Onto Oo Gook, you pay $25 bucks and you get a superb selection of 18 choices to throw onto the barbee. We started out with the classic "cha dol baegee", or simply, "cha dol." Korean language just sounds awesome when you pronounce it perfectly, and the ennunciation of cha dol (sliced brisket) seems to trigger a Pavlovian response when I'm sitting at the grill. It's just marvelous seeing those fatty slivers melt away their luscious fat, browning within seconds and sometimes taking on a quick sear depending on the alacrity of your table's flame. Dip in either sesame oil or jalapeno'd soy sauce and you're money. Add the crunch of lightly tossed salad, or a waxy sheet of dduk bossam (or less elegantly, "rice paper" for you gringos), and a smear of ssam jang (red chili paste mixed with miso paste). The older folk generally mix in a sliver of fresh garlic (while I like to let mine grill a bit), or toss in a bite of kimchi. The beauty of Korean barbecue is that no two bites are the same since you build your meal as you go. Play with different textures, banchan, meat, sauces - it's all free game. Just don't, under any circumstances, eat in the wrong order. By this, I mean, you should generally follow up beef with pork, not the other way around. Why? I don't know. It's just better to finish with ssam gyup ssal.
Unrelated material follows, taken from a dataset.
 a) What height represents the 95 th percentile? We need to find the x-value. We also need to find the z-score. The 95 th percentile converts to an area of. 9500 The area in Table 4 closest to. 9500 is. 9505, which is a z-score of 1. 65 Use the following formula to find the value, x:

We ordered a few other Black Angus sliced beef pieces of mysterious nomenclature, such as the tongue (fabulous), short rib (again terrific), and prime rib (actually a 1/2 in. rib-eye steak). If I had a few of my college buddies with me instead of my parents and one of their friends, we could have run the gamut (which would have included marinaded intestine, skirt steak, marinated short rib, beef belly, and baby octopus, among other things). I did find the fresh shrimp to be delightful, unfrozen and quickly orange on the hot grill. You have to shell and be-head them yourself but that's the fun of it! After you sear them, you get the pure umami of their feelers and shells laded on the grill and then place on some pre-cut slabs of pork belly - score! The resulting flavor is pretty awesome, almost Vietnamese because of the shrimpy-porkiness. But then you realize that the main drawback of "premium" beef barbecue is the terrible infusion of beef tallow that gets under your palate and skin. You have to truly love the intense flavor of beef to withstand this barrage because even shrimp and pork belly are child's play.
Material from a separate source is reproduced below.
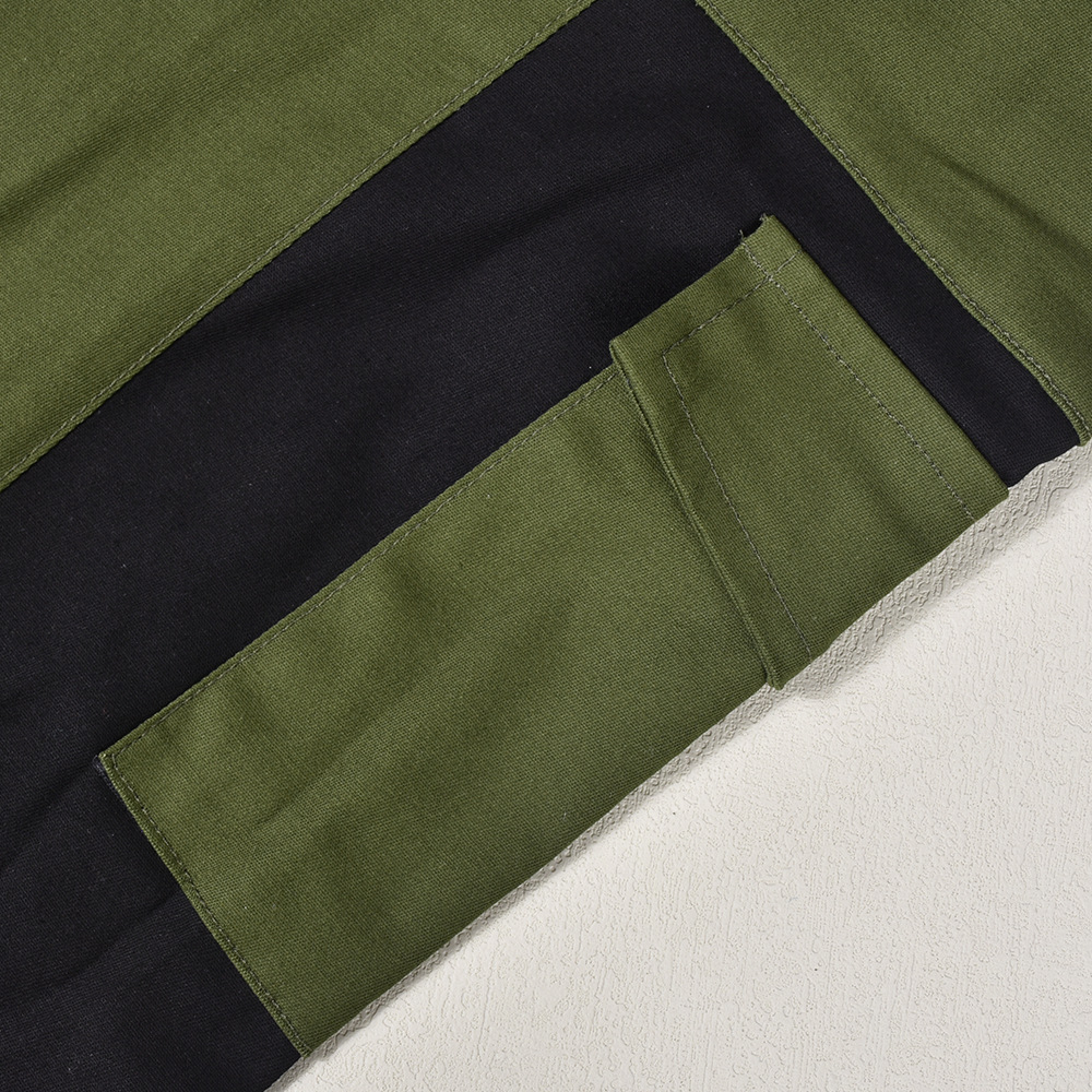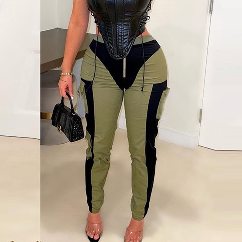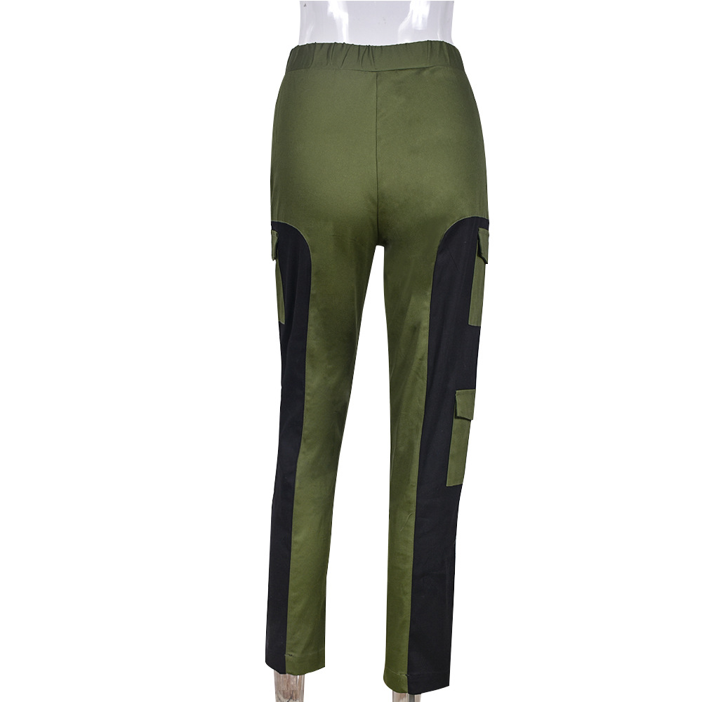 Contrast Color Multi Pocket Casual Zipper Elastic Waist Pants

I asked my mother's friend, who was joining us from Seoul and headed back the following morning, how much a meal like this would cost in Korea. First of all, it doesn't exist. And if it did, it would easily hurdle $100 a person. Easily. Koreans in Korea have somehow fooled themselves into thinking that American beef is suspect and that Australian beef is better. Their wallets pay the consequences - a single serving of beef that you might get at Oo Gook, or any premium barbecue place in Koreatown would run $30-35. Consider that our party of 4 (including three people in their 50's...who don't eat very much) had 9-10 plates, do the math.
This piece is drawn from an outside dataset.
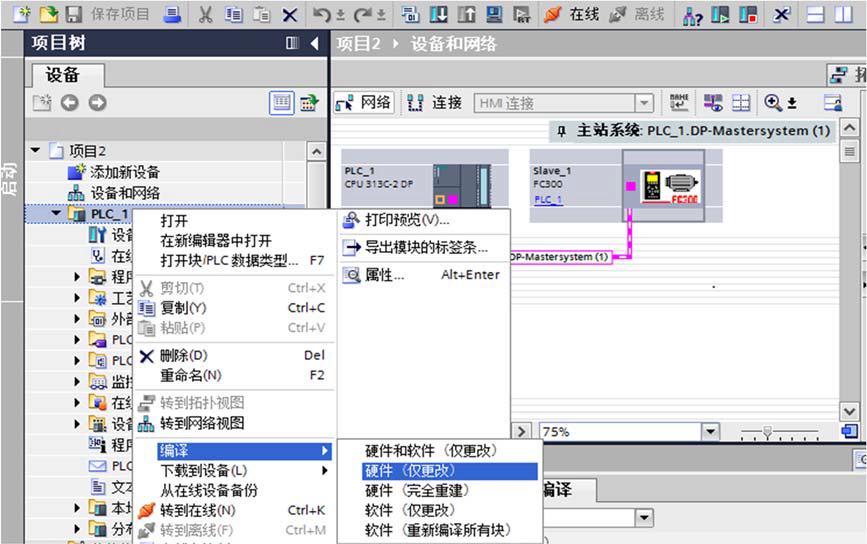 七、:配置丹佛斯變頻器(進入‘網絡視圖’-打開右側‘硬件目錄’-選擇‘其他現場 設備’-‘PROFIBUS DP’-‘驅動器’-‘DANFOSS DRIVESA/S’-‘DANFOSS’-‘FC300’-‘FC300’-‘FC300’),將其如圖七所示拖動。

So $25 bucks for such a treat is a singular one. Is the quality of the meat and banchan that much better than say, Moo Dae Po or Road to Seoul? I'm not sure. But hey, you can sit on the second floor window seat and see the sun set, instead of wiping smoke out of your eyes.
Oo Gook
3385 W 8th Street
Los Angeles, CA 90005
Seven Days a Week: 11AM-12AM
Note: Oo Gook roughly translates to cattle country in Korean. "Oo" refers to cow. "Gook" means place or country. Or at least that's what my mom told me.